En allemand surtitré.
« Oui, je suis roi, c'est vrai... trois fois par semaine à peu près. » Alexandre Dumas
Il ne craignait pas la bagarre. Il buvait sec, bouteille après bouteille. Il fit ses débuts sur les planches à quatre ans, dans un ballet où il tenait le rôle de Cupidon ; encore enfant, il s'embarqua comme mousse, mais ne supportant pas la discipline du bord, il fit mine d'être sourd et boiteux avec assez de talent pour tromper tous les médecins. Il interpréta Hamlet pour la première fois à l'âge de quatorze ans, et sa réputation parvint aux oreilles du roi Georges III, qui lui ordonna de paraître à Windsor. Adolescent, il avait travaillé dans un cirque, et s'était cassé les deux jambes pendant un numéro de voltige. Il lui fallait trois femmes dans sa loge, pas moins, pour maintenir son « équilibre spirituel ». Même ses compatriotes le trouvaient excentrique : il avait baptisé son cheval Shylock et aimait à jouer dans son salon avec son lion apprivoisé. À 25 ans, il sauva de la faillite le théâtre de Drury Lane en y interprétant Hamlet, Othello, Macbeth, Shylock, ou Richard III – et ce dernier rôle, au cours d'une tournée dans le Nouveau Monde, lui valut d'être nommé chef honoraire d'une tribu d'Indiens Hurons qui assistèrent à une représentation. Il fut aussi le premier, après deux siècles, à jouer Lear tel que Shakespeare l'avait écrit, renonçant au happy end de Nahum Tate (qui sauve la vie à Cordélia et lui permet d'épouser Edgar). Son adultère en Suisse avec Charlotte Cox, épouse d'un notable de Londres, lui valut un procès retentissant... Bref, Edmund Kean (1787-1833), ivrogne, coureur, incontrôlable et incomparable interprète de Shakespeare, ne fut pas seulement un acteur de génie - il fut aussi la première superstar.
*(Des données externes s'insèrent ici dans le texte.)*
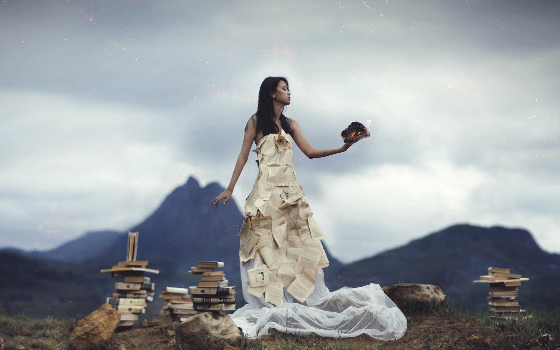 La jeune fille dans l'original de la robe de pages du livreLa jeune fille dans l'original de la robe de pages du livre

On comprend qu'il ait fasciné ses contemporains : le drame qu'il inspira à Alexandre Dumas père date de trois ans à peine après sa mort. Premier spécimen du culte de la célébrité tel que la bourgeoisie l'a développé à l'ère de la révolution industrielle (et qui atteint aujourd'hui son apothéose dans la culture pop), Kean le médiatique en est aussi la première victime : encensé ou crucifié par la presse qui le traquait, colportait ses excès, divulguait ses passions, il ne fut jamais considéré comme un égal par les classes supérieures auxquelles s'adressait son art. Car ce demi-dieu des scènes était, dit-on, le fils d'une prostituée « qui jouait parfois sur scène » et ne connut jamais son père, suicidé peu de mois après sa naissance.
Kean l'outrancier, déchiré entre deux mondes, traquant la vérité de son être à travers ses rôles et vice-versa, vient d'être redécouvert et décapé par Frank Castorf à la Volksbühne, qui a confié le soin de l'interpréter à l'extraordinaire Alexander Scheer. Pour compléter le texte de Dumas, il a puisé dans le Hamlet-machine de Heiner Müller, afin de mieux faire dialoguer l'époque de Kean avec la nôtre, dont il est à bien des égards l'annonciateur.
Comédie en cinq actes d'après Alexandre Dumas et Die Hamletmaschine d'Heiner Müller.
Adaptation : Frank Castorf & Lothar Trolle.